Stored entries:
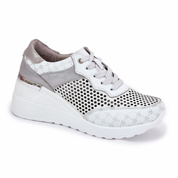 Detalji: Kožne otvorene sportske cipele tenisice na klinu S.Barski LR51-641 White bijela
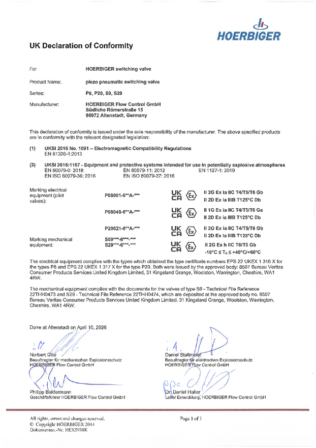 ピエゾ切替弁用 タイプ S9; S29; P8 および P20
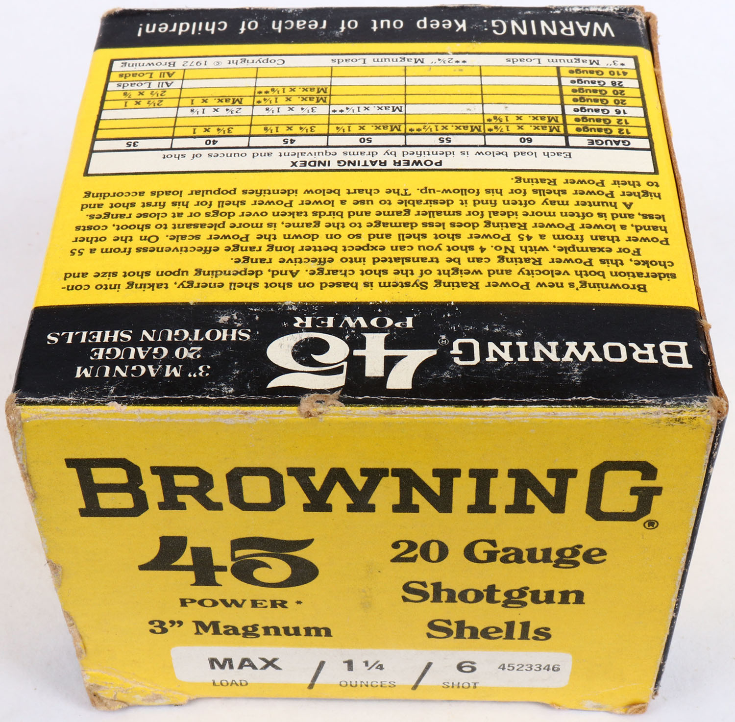 Browning, 45 Power, 20ga., 1pc., FULL, shot size 6, 3'', black, yellow & white box, box is solid with & great color, shells are excellent. Grade: Excellent - Value: 10 to 60
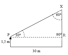 Ravi sedang mengamati pertumbuhan pohon jati, jarak Ravi terhadap pohon jati adalah 30 meter. Jika Ravi mempunyai tinggi 1,5 meter dan arah pandang Ravi bersudut elevasi 30o terhadap pohon jati tersebut, maka tinggi pohon jati tersebut adalah...
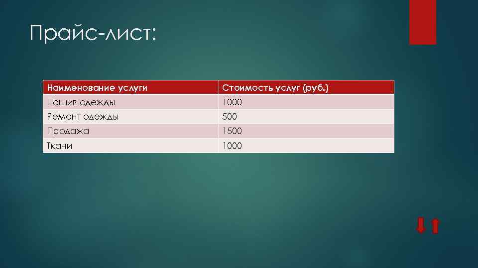 Прайс-лист: Наименование услуги Стоимость услуг (руб. ) Пошив одежды 1000 Ремонт одежды 500 Продажа 1500 Ткани 1000
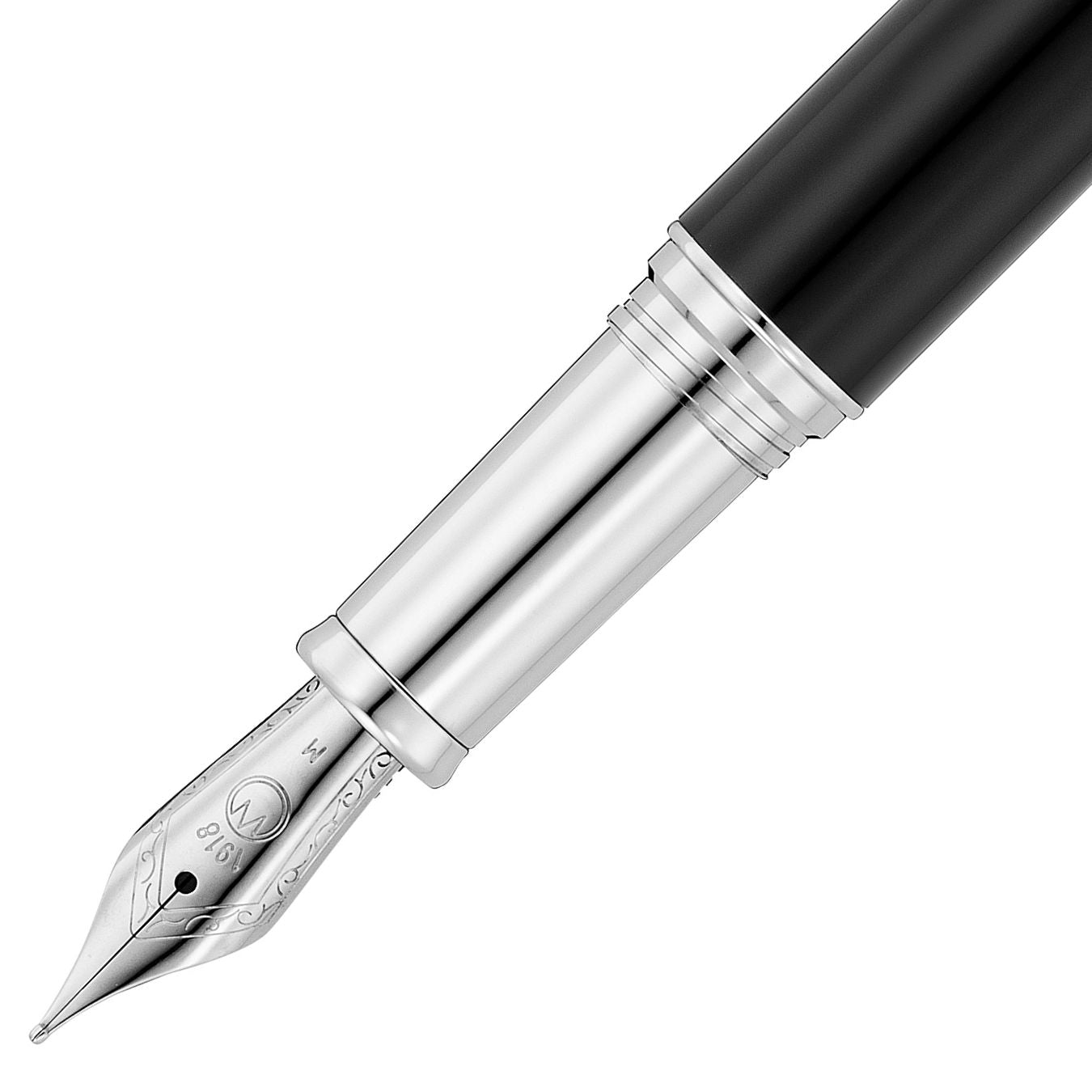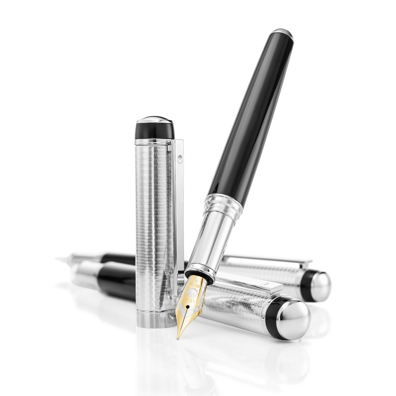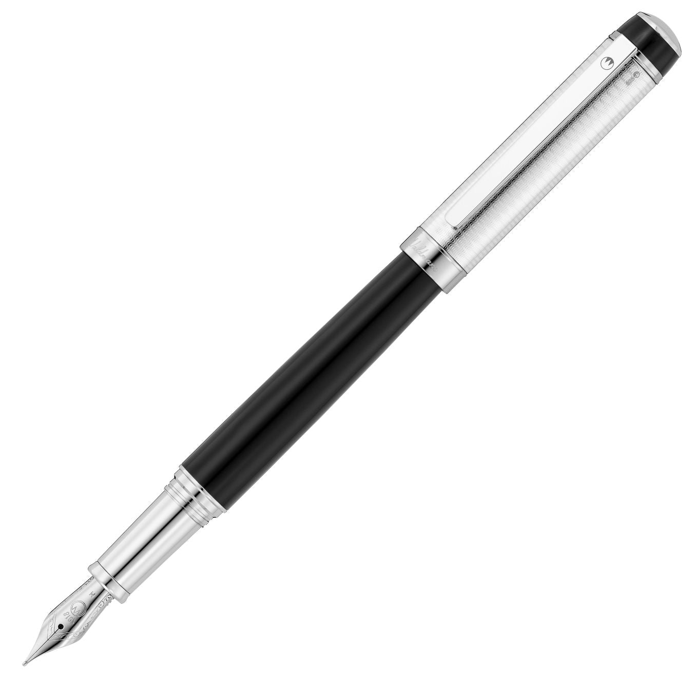 The Waldmann Grandeur Black Fountain Pen lives up to its name, embodying magnificent sophistication and commanding presence. Impressive and monumental in its overall appearance, it simultaneously reveals delicate and ornamental details in its craftsmanship. The cap is adorned with a classic pinstripe pattern, meticulously created using the traditional Guilloché technique. The shaft and top ring feature a multi-layered brilliant black lacquer finish. It boasts a solid, spring-supported clip for secure carrying. The metal component parts are elegantly finished in platinum plating. This fine writing instrument is equipped with a reliable iridium-tipped stainless steel or 18ct. gold nib and features a secure screw-cap system.
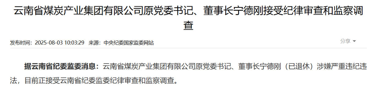 據(jù)云南省紀(jì)委監(jiān)委8月3日消息,云南省煤炭產(chǎn)業(yè)集團(tuán)有限公司原黨委書(shū)記、董事長(zhǎng)寧德剛(已退休)涉嫌嚴(yán)重違紀(jì)違法,目前正接受審查調(diào)查。
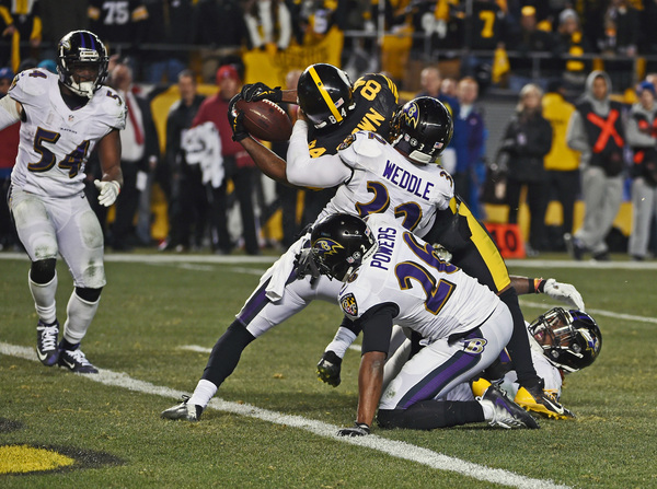 The Steelers shaved the Ravens' lead to 20-17 with 11:41 left in the game when Bell cut nicely outside and ran 7 yards for a touchdown. That ended a five-play, 75-yard drive that featured a 35-yard pass interference penalty against Baltimore rookie cornerback Tavon Young.
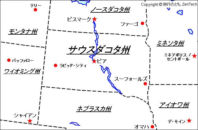 アメリカ中北部にあるサウスダコタ州の地図です。州都ピア やスーフォールズ など主要都市の場所や隣接する州が判ります。
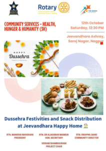 • President Rtn. Manisha Manghani shares her thoughts “Thank you so much @Rtn.Vikram Shambwani and family and all others who today celebrated the festival of Dussehra with inmates of Jeevan Dara .
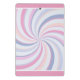 Un motif tourbillon dans une palette de couleurs rose, bleu et pêche.
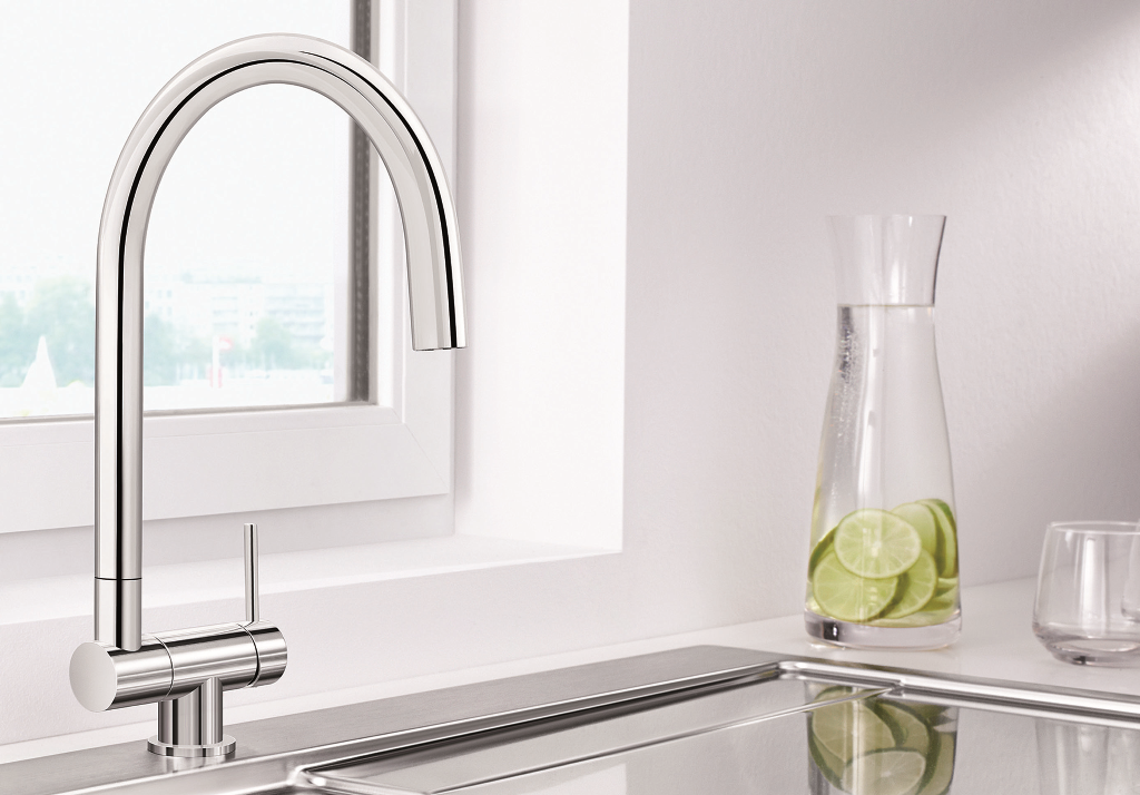 An einem Fensterplatz zu arbeiten ist auch in der Küche von großem Vorteil. Mit einem Armaturenprogramm zum Vorfenstereinbau, bietet BLANCO optimale Lösungen für Spülen mit Blick nach draußen an. Die moderne Vorfenster-Armatur.CORESSA ist mit einer komfortablen Klappmechanik ausgestattet. Mit nur einer Bewegung lässt sie sich in Sekundenschnelle einklappen und in das Becken absenken. So können Sie das Fenster schnell und weit öffnen, da der Auslauf komplett ins Becken abtaucht. Im umgeklappten Zustand ist der Aufbau der Armatur nur noch 6,5 cm hoch. Ein hörbares Einrasten am oberen und unteren Anschlag, ist ein sicheres Zeichen dafür, dass sich die Armatur wieder in voll funktionsfähiger Position befindet. Besonders praktisch ist auch der seitliche Bedienhebel, wählbar in Links- oder Rechtsausführung sowie der hohe Auslauf der.CORESSA, der einfaches Befüllen von hohen Gefäßen garantiert. Dank dieser komfortablen Technik genießen Sie ein völlig neues Gefühl an der Spüle bei weit geöffnetem Fenster.
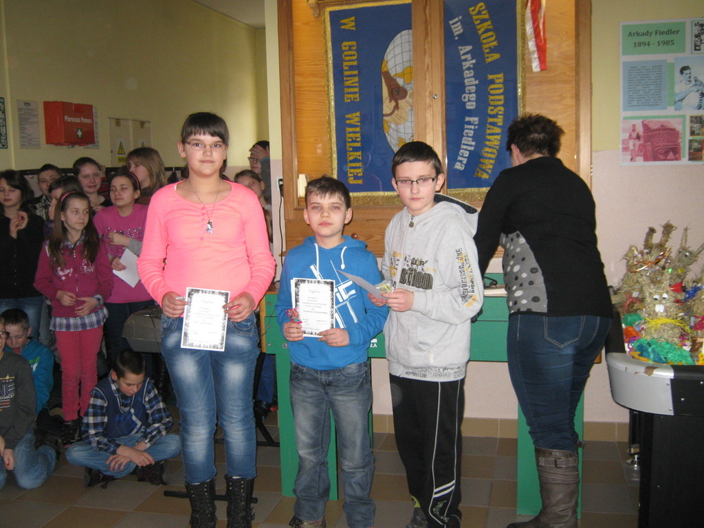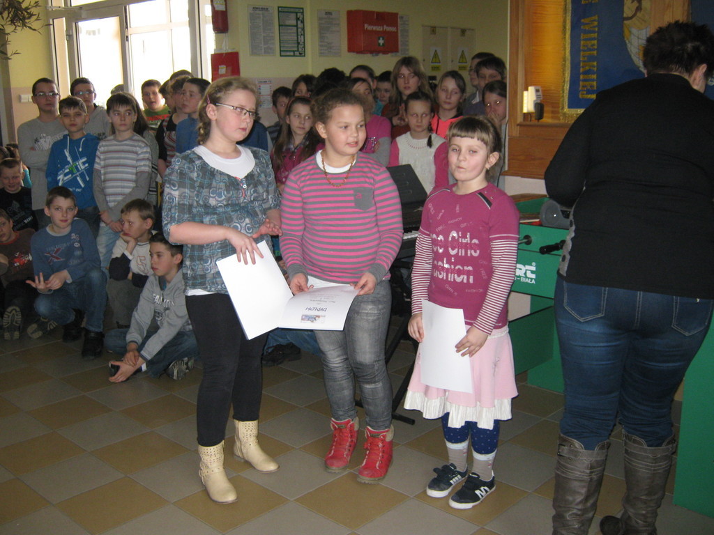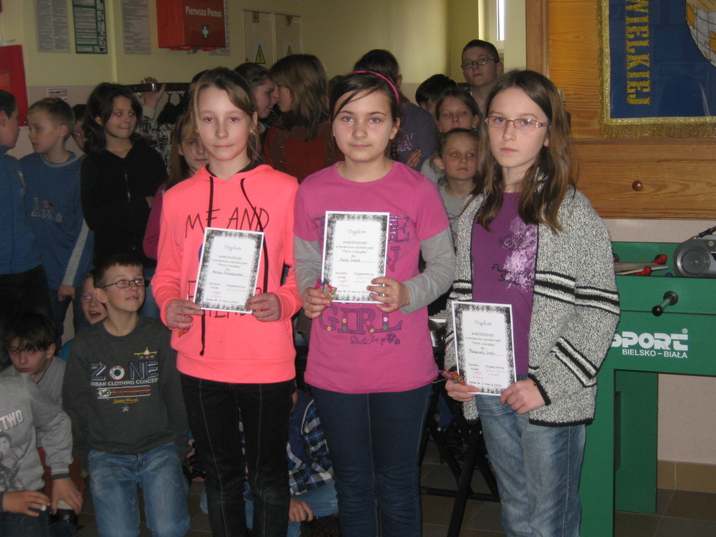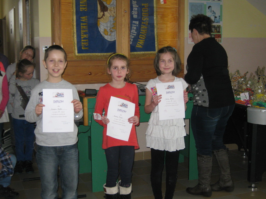 miejsce przypadło w udziale: Hannie Buszy - kl.I, Kacprowi Mośkowi - kl.II oraz Sandrze Piosik - kl.II.
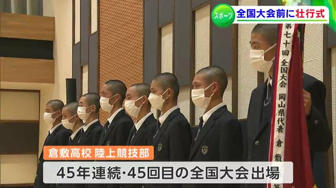 ラグビーと駅伝の全国大会に出場する倉敷高校で壮行式が開かれました。選手たちは県の代表として大会での健闘を誓いました。

Requirement:
Would you provide an exact, picture-free copy of the data above?

Expected answer:
 Detalji: Kožne otvorene sportske cipele tenisice na klinu S.Barski LR51-641 White bijela
 ピエゾ切替弁用 タイプ S9; S29; P8 および P20
 Browning, 45 Power, 20ga., 1pc., FULL, shot size 6, 3'', black, yellow & white box, box is solid with & great color, shells are excellent. Grade: Excellent - Value: 10 to 60
 Ravi sedang mengamati pertumbuhan pohon jati, jarak Ravi terhadap pohon jati adalah 30 meter. Jika Ravi mempunyai tinggi 1,5 meter dan arah pandang Ravi bersudut elevasi 30o terhadap pohon jati tersebut, maka tinggi pohon jati tersebut adalah...
 Прайс-лист: Наименование услуги Стоимость услуг (руб. ) Пошив одежды 1000 Ремонт одежды 500 Продажа 1500 Ткани 1000
 The Waldmann Grandeur Black Fountain Pen lives up to its name, embodying magnificent sophistication and commanding presence. Impressive and monumental in its overall appearance, it simultaneously reveals delicate and ornamental details in its craftsmanship. The cap is adorned with a classic pinstripe pattern, meticulously created using the traditional Guilloché technique. The shaft and top ring feature a multi-layered brilliant black lacquer finish. It boasts a solid, spring-supported clip for secure carrying. The metal component parts are elegantly finished in platinum plating. This fine writing instrument is equipped with a reliable iridium-tipped stainless steel or 18ct. gold nib and features a secure screw-cap system.
 據(jù)云南省紀(jì)委監(jiān)委8月3日消息,云南省煤炭產(chǎn)業(yè)集團(tuán)有限公司原黨委書(shū)記、董事長(zhǎng)寧德剛(已退休)涉嫌嚴(yán)重違紀(jì)違法,目前正接受審查調(diào)查。
 The Steelers shaved the Ravens' lead to 20-17 with 11:41 left in the game when Bell cut nicely outside and ran 7 yards for a touchdown. That ended a five-play, 75-yard drive that featured a 35-yard pass interference penalty against Baltimore rookie cornerback Tavon Young.
 アメリカ中北部にあるサウスダコタ州の地図です。州都ピア やスーフォールズ など主要都市の場所や隣接する州が判ります。
 • President Rtn. Manisha Manghani shares her thoughts “Thank you so much @Rtn.Vikram Shambwani and family and all others who today celebrated the festival of Dussehra with inmates of Jeevan Dara .
 Un motif tourbillon dans une palette de couleurs rose, bleu et pêche.
 An einem Fensterplatz zu arbeiten ist auch in der Küche von großem Vorteil. Mit einem Armaturenprogramm zum Vorfenstereinbau, bietet BLANCO optimale Lösungen für Spülen mit Blick nach draußen an. Die moderne Vorfenster-Armatur.CORESSA ist mit einer komfortablen Klappmechanik ausgestattet. Mit nur einer Bewegung lässt sie sich in Sekundenschnelle einklappen und in das Becken absenken. So können Sie das Fenster schnell und weit öffnen, da der Auslauf komplett ins Becken abtaucht. Im umgeklappten Zustand ist der Aufbau der Armatur nur noch 6,5 cm hoch. Ein hörbares Einrasten am oberen und unteren Anschlag, ist ein sicheres Zeichen dafür, dass sich die Armatur wieder in voll funktionsfähiger Position befindet. Besonders praktisch ist auch der seitliche Bedienhebel, wählbar in Links- oder Rechtsausführung sowie der hohe Auslauf der.CORESSA, der einfaches Befüllen von hohen Gefäßen garantiert. Dank dieser komfortablen Technik genießen Sie ein völlig neues Gefühl an der Spüle bei weit geöffnetem Fenster.
 miejsce przypadło w udziale: Hannie Buszy - kl.I, Kacprowi Mośkowi - kl.II oraz Sandrze Piosik - kl.II.
 ラグビーと駅伝の全国大会に出場する倉敷高校で壮行式が開かれました。選手たちは県の代表として大会での健闘を誓いました。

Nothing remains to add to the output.